Does dual AMS HT make sense?

Advice wanted.

I have no experience of 3D printing and plan to buy an H2D. I will be making one-offs. No multi-colour printing expected, though occasionally different colour for different prints. Hope to stick to a limited range of material. However, looking to use a combination of hard and soft plastic (TPU?) regularly. Example parts would be a coupler for joining two air tubes (with gaskets), a case for test equipment (with gasket), and a latch to hold a shutter (with shock-absorbing pads).

For all these reasons I can imagine the printer being permanently loaded with two spools, one hard and one soft plastic. The hard spool occasionally being swapped between colours, or between indoor and outdoor plastics.

Does it make sense to buy two AMS HTs with one feeding each print head? This would appear to be a relatively low-cost option for feeding two heads. Or is there a reason to buy another AMS combination?

I probably would buy one AMS HT and one AMS 2 pro.

The real benefit of the HT is drying materials. If you just want an enclosure to feed material from, you can get that much cheaper. I don’t see much use in 2 HTs.

Even if you don’t print multi-color, having an AMS 2 pro is super convenient so that you have different materials at hand ready for printing. I even bought a second AMS because I use more than 4 filaments regularly.
For big prints, it can automatically swap from an empty spool to an identical second spool, if that is relevant to you.

Thank you Alex. Much appreciated.

You might be right about not having to swap reels when changing materials, at this point it just feels like it won’t make a huge difference to me. I could well be wrong. The argument that you can finish reel one of some filament and then seamlessly carry on with reel two seems pretty powerful though. Less waste, and without even having to think about how much filament is left.
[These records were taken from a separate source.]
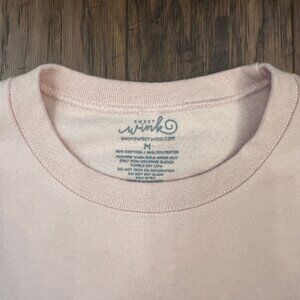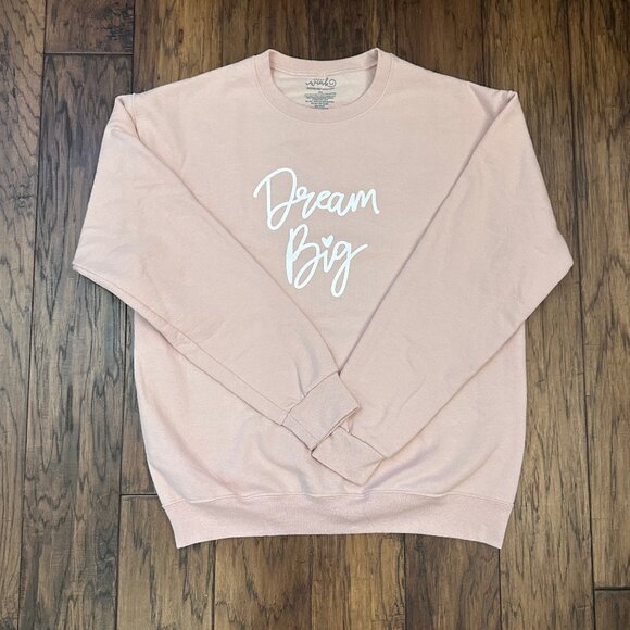 Light pink sweatshirt from Sweet Wink with inspirational "Dream Big" writing. Light stain (see photo), some light wash wear, no holes or tears. Size M.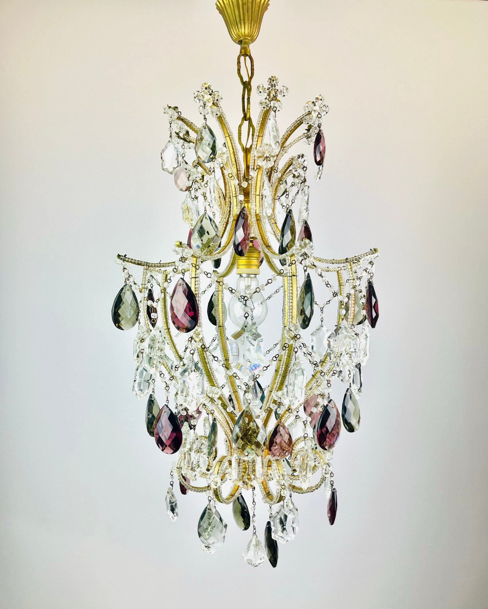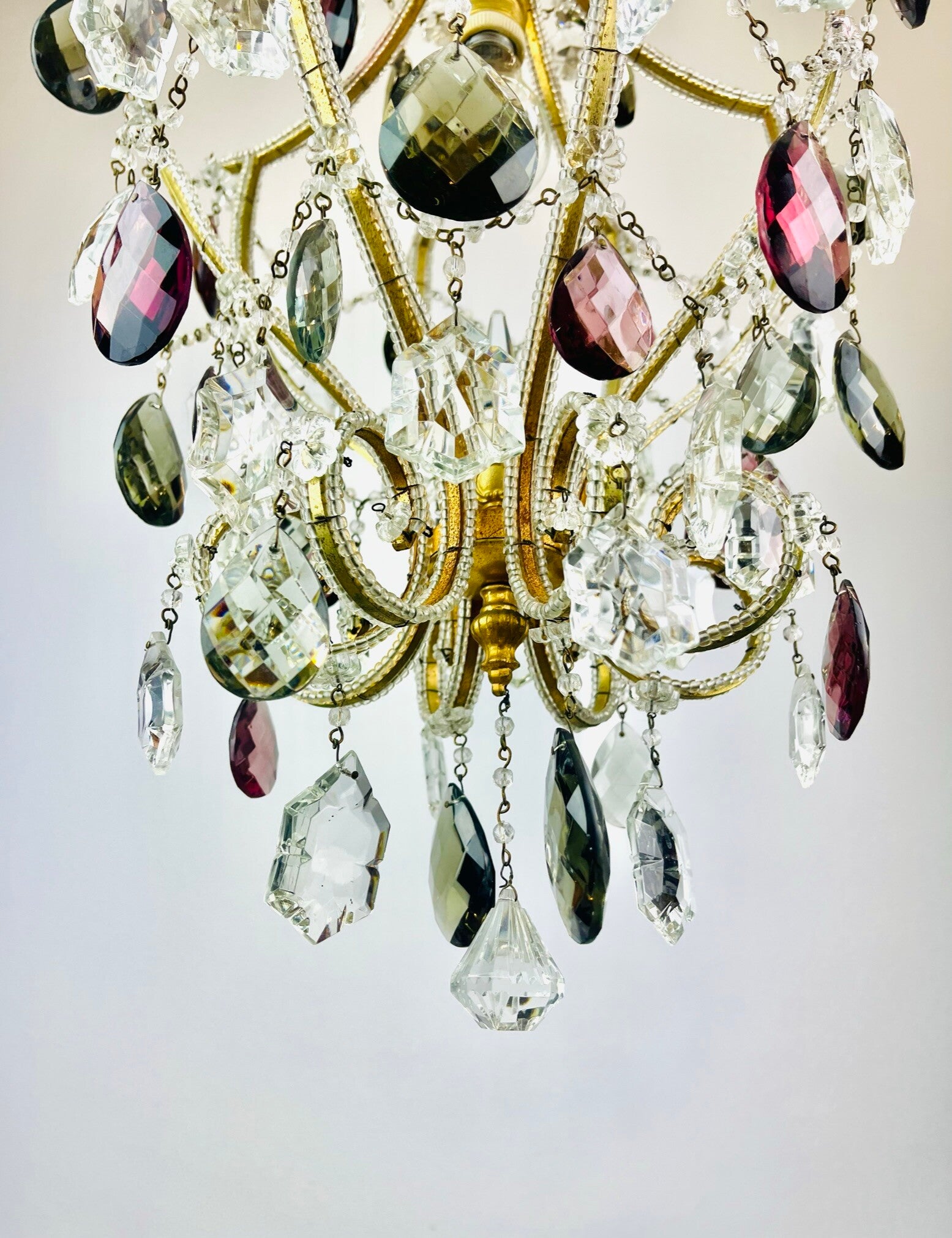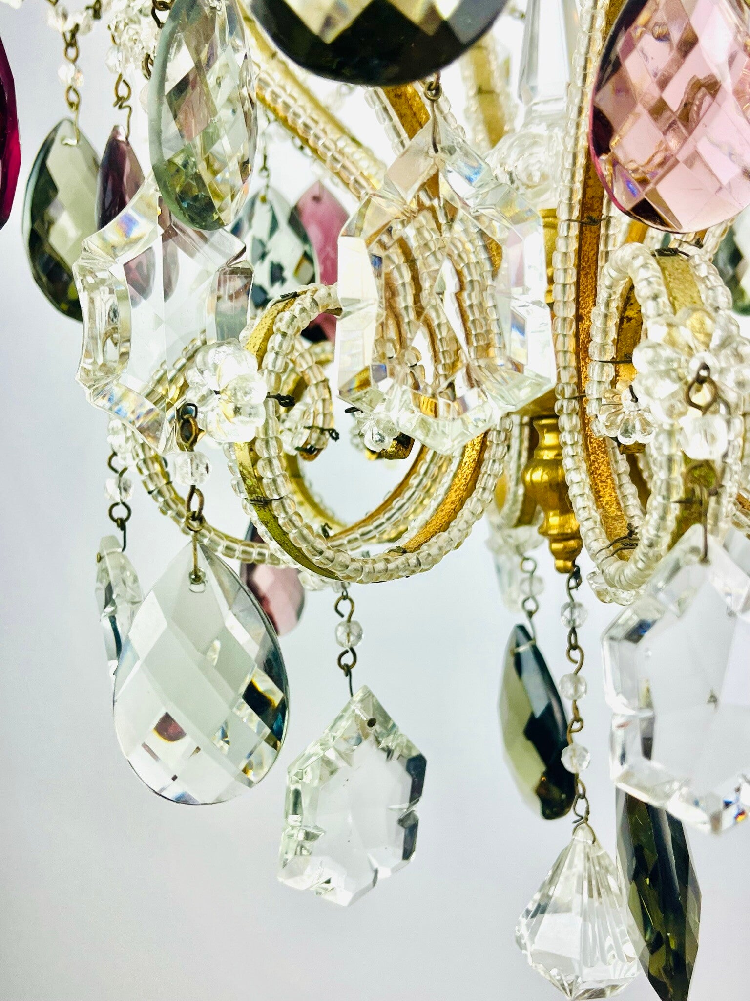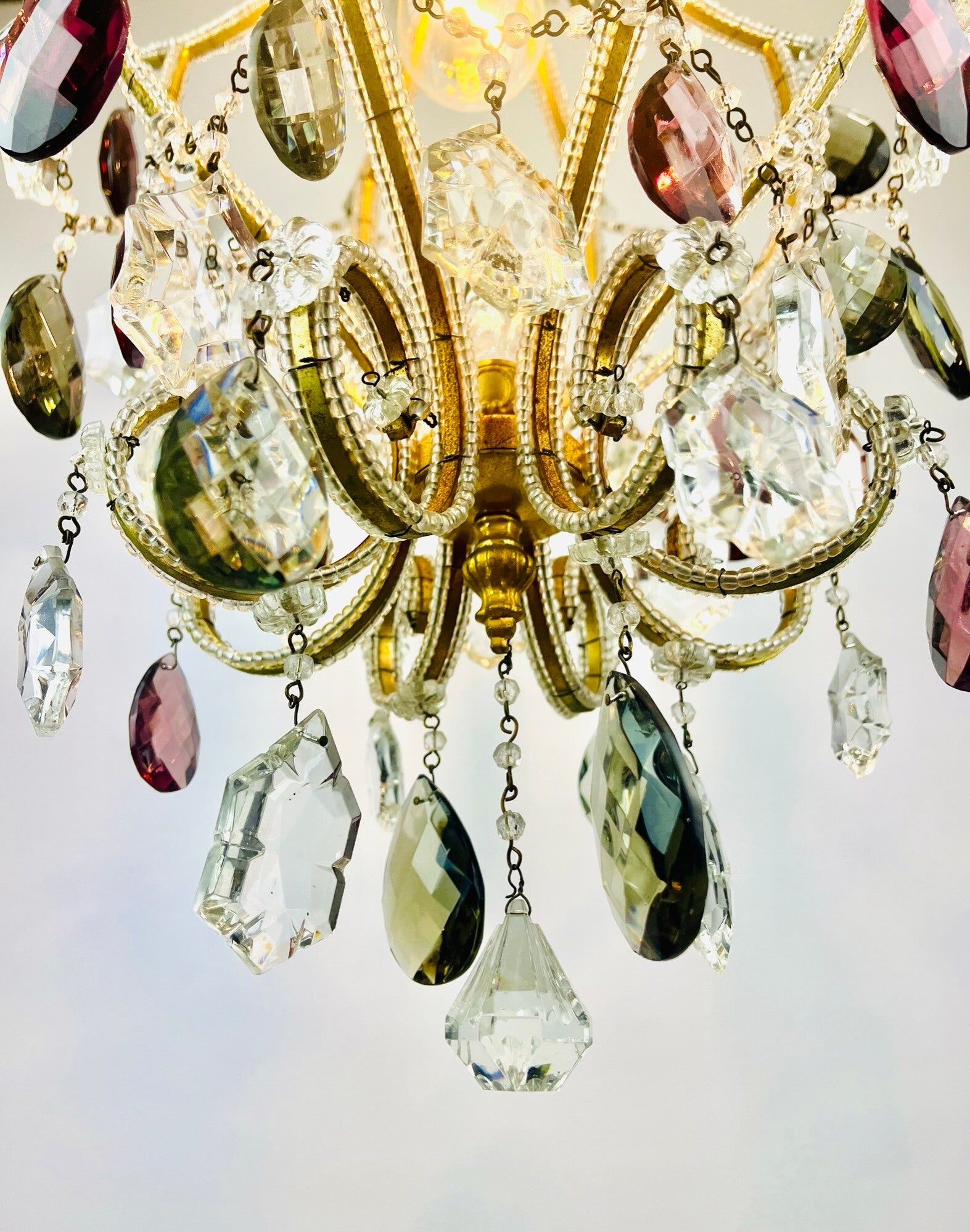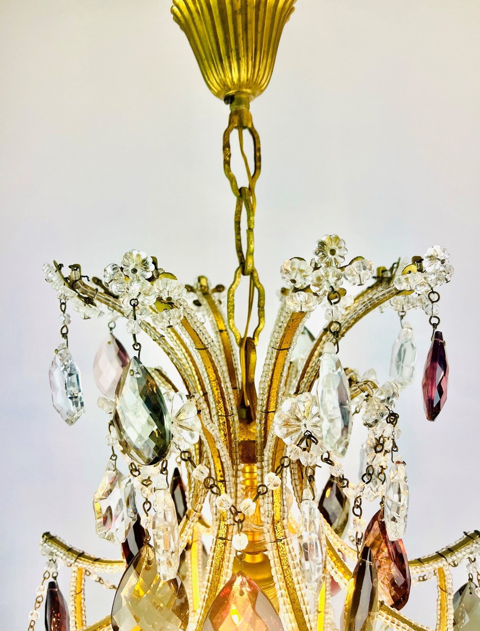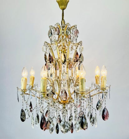 Italian chandelier richly filled with cut crystals and beads.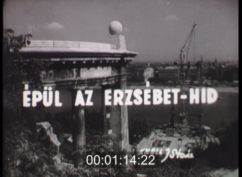 A pesti oldal látképe a Gellért-hegyről. Előtérben daru és betonalap. Oszlopok, tartóelemek beemelése. Trükkfilm mutatja be milyen lesz a híd. A hídfőtömbök. Acélrudak a lehorgonyzó kamrában. Készülnek a sodronykötelek a Kábel- és Sodronykötélgyárban. Szakítógép próbálja ki az acélhuzalokat. Felhalmozott sodronykötelek. Maketten a híd és a hídfő környéke.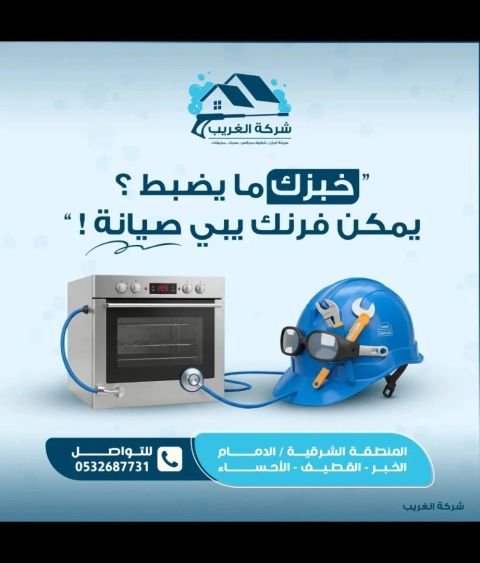 شركة الغريب لصيانة أفران الغاز والكهرباء والغسيل الكنب وغسيل السجاد ورش المبيد وغسيل المكيفات وصيانة المكيفات وعبده مجانيون مع مهندسين مختصين شركة الغريب موفر لك كل الاحتياجات من الخدمات المنزليه راحتك تهمنا لو الفرن نار مش كويسه لو بتشيل ايدك من المفتاح لين بتفصل لوحديها لو ريحته مش كويسه ما تشيلش هم ده كله شركة الغريب موفره لك كل اللي تحتاجه من الخدمات المنزليه وأنت مرتاحة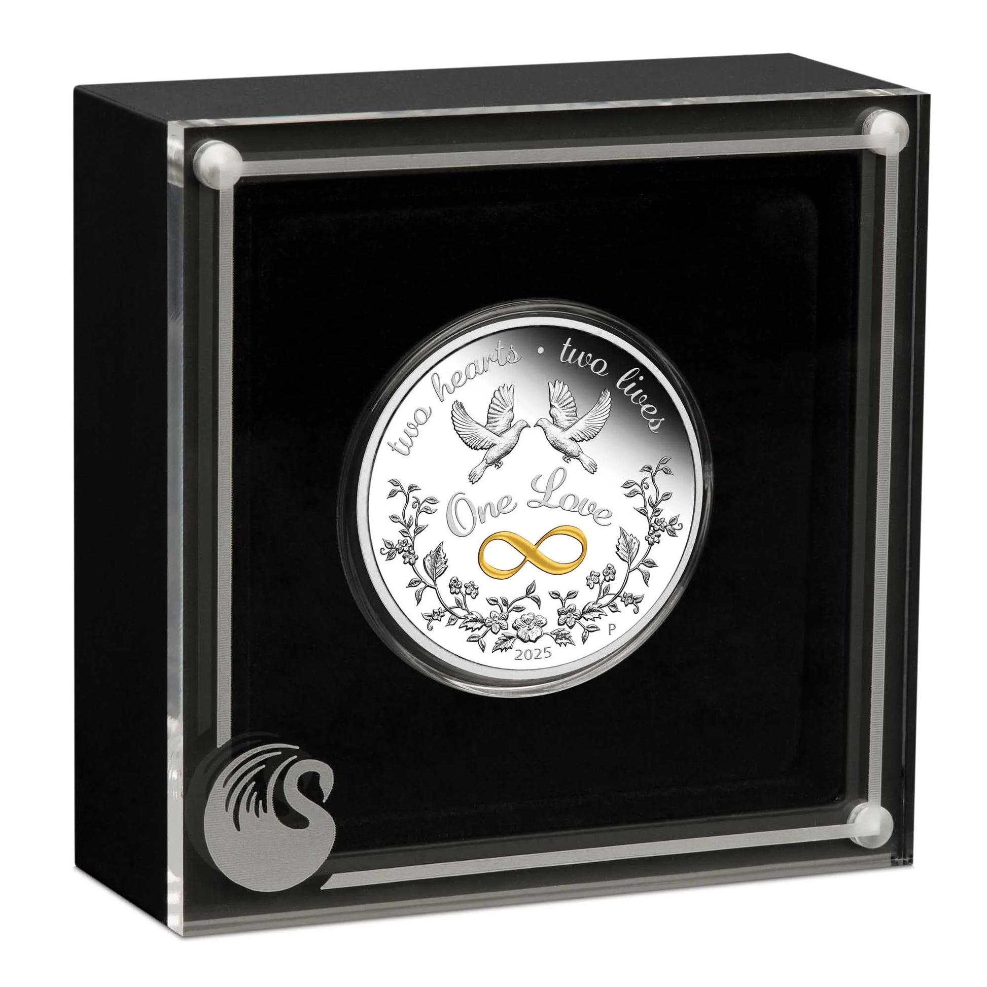 Exuding love, peace and harmony, the coin’s unique artistry includes two doves signifying unity, an infinity symbol in gold reflecting eternity of love, and an exquisite floral pattern. As well as The Perth Mint’s ‘P’ mintmark, the design also includes the romantic inscriptions ‘two hearts • two lives’ and ‘One Love’ and the 2025 year-date.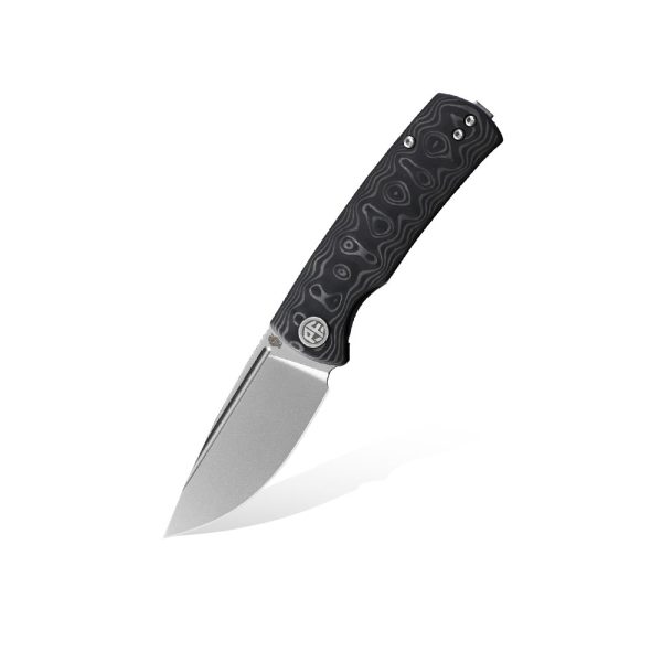Prezentowany nóż posiada wydajne ostrze typu drop point ze stali 14C28N z jasnym wykończeniem (sand blasted), okładkami rękojeści z klasycznego włókna węglowego. Designu noża dopełnia backspacer z G10 oraz tytanowy klips mocujący. Otwieranie noża następuję za sprawą wystającej górnej płetwy (front flipper) a ostrze blokuje blokada typu liner lock.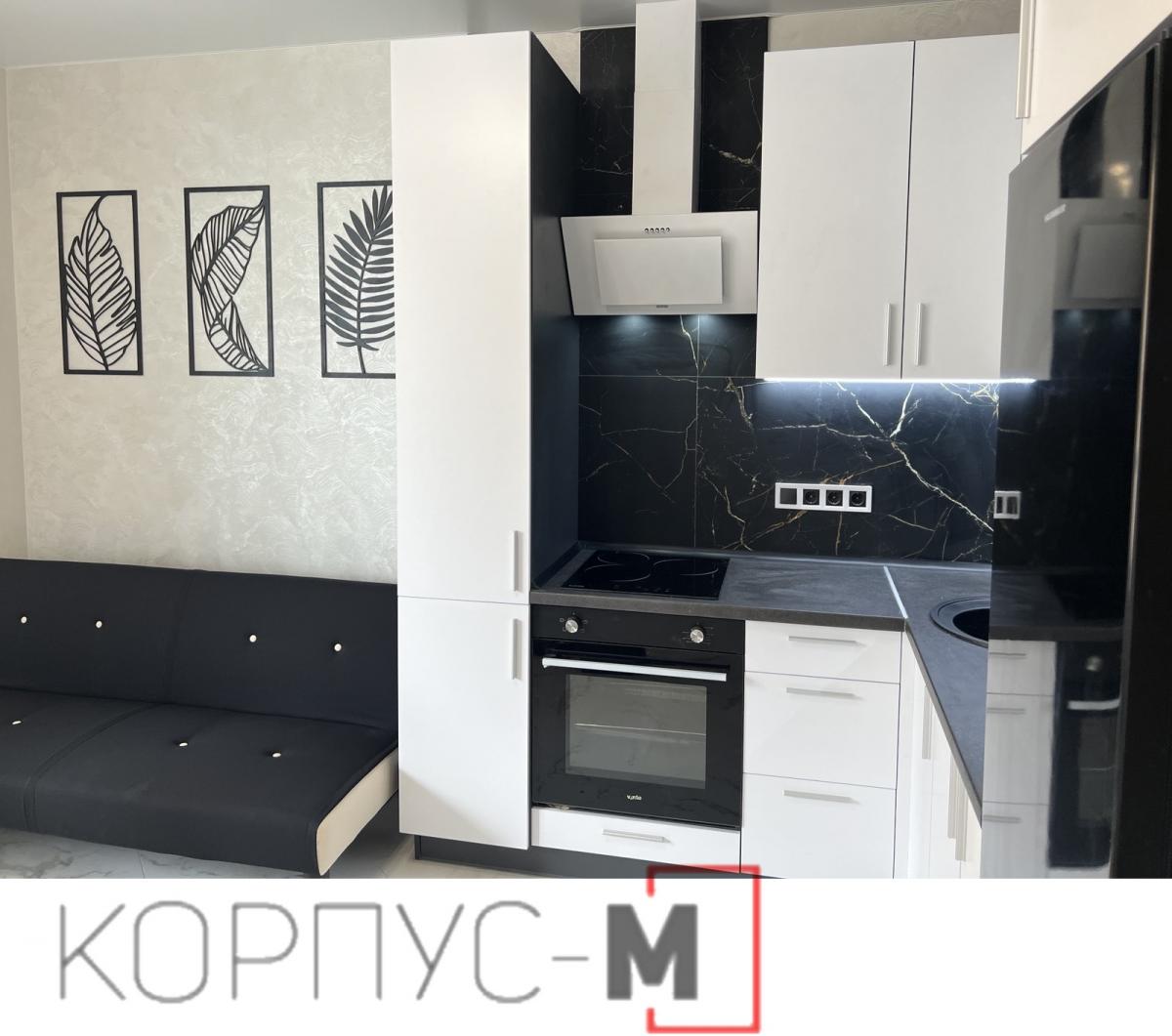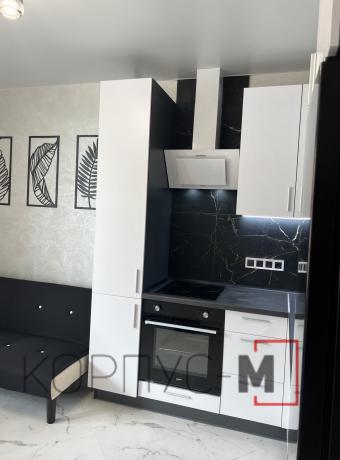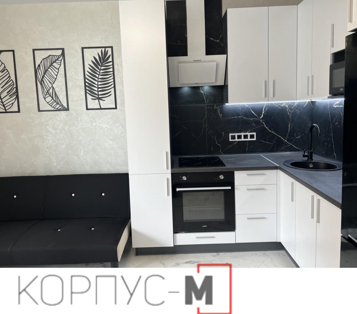 Кухня Мода доповнена нестандартним пеналом. Корпус виконано з ДСП в кольорі антрацит, фасади перлина, стільниця кераміка чорна 38 мм.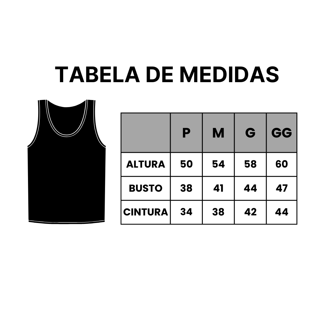 Modelagem: Tradicional e gola”O” toque macio, cavas regulares, caimento ajustado ao corpo.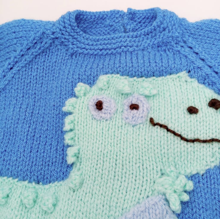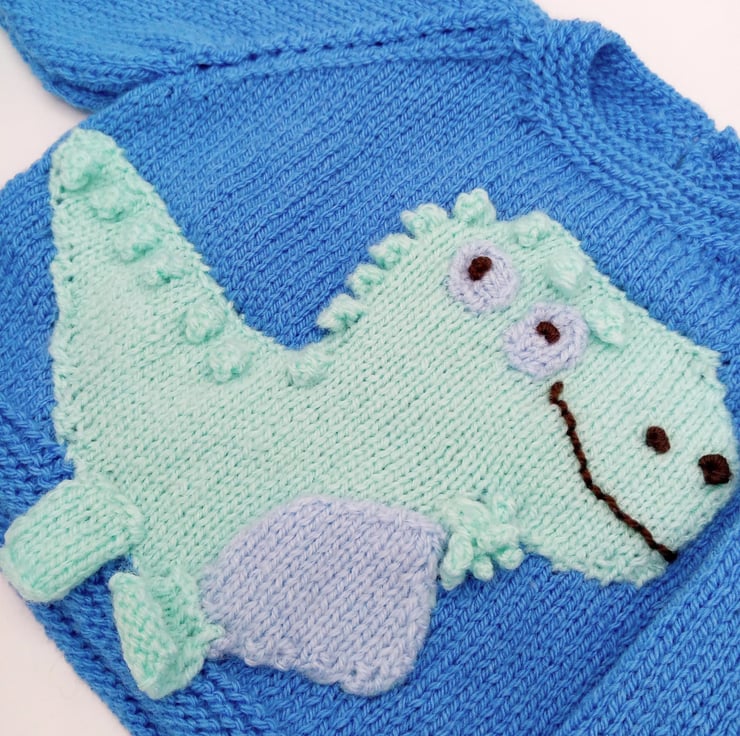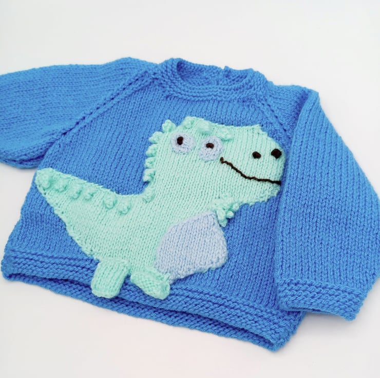 Novelty Round Neck Jumper with Dinosaur Motif for Babies and Small Children, Hand Knitted Jumper, Dinosaur Jumper, Baby Clothes, Children's Clothes, Baby's Jumper, New Baby Gift, Gift for Baby Shower, Birthday Gift
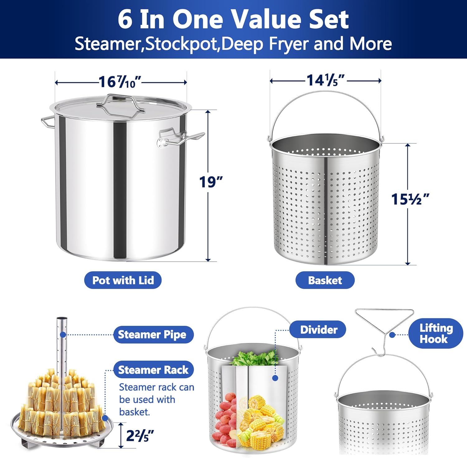 - 【Premium 8-Piece Stainless Steel Set for Heavy-Duty Cooking】This complete cooking set includes the 64qt pot, lid, straining basket, steamer insert rack, divider, steamer pipe, lift hook, and a 48" mixing paddle. Crafted from premium stainless steel, it's built to last a lifetime, outperforming and outlasting ordinary aluminum pots.

Is it still worth me buying the second unit at all then? Is it worth it to make that unit the AMS HT instead of another AMS 2 Pro?

For that, you don’t need an AMS. You can also swap reels manually. When the first runs out, the printer will stop and ask for loading a new one. The benefit of the AMS is it happens automatically. So even if the first spool runs out in the mid of the night, the printer will go on.

How important the automatic access to different materials is, depends a lot on what and how you print.
I do many small tools and gadgets for the household, that I typically do in white or black PETG. Then, the children want this or that toy occasionally, which will be printed in PLA in one of 4 colors. Then I often have one spool loaded where I test new brands.
special materials that I need rarely, like TPU, PC, xx-CF either go into one of the AMS or on an open spool holder on the other side. I also think about an AMS HT instead of the open spool holder.
Your use case might look completely different. So if changing materials happens rarely, then you might have no benefit from the AMS 2.
I believe though, you would appreciate it in the long run.

Instead of two AMS HT, I would buy only one and
one or many suitable cereal boxes for 5 bucks that you transform into a drybox that you can print from.
Then you use the AMS HT for drying and put the dry filament in a box with some desiccant.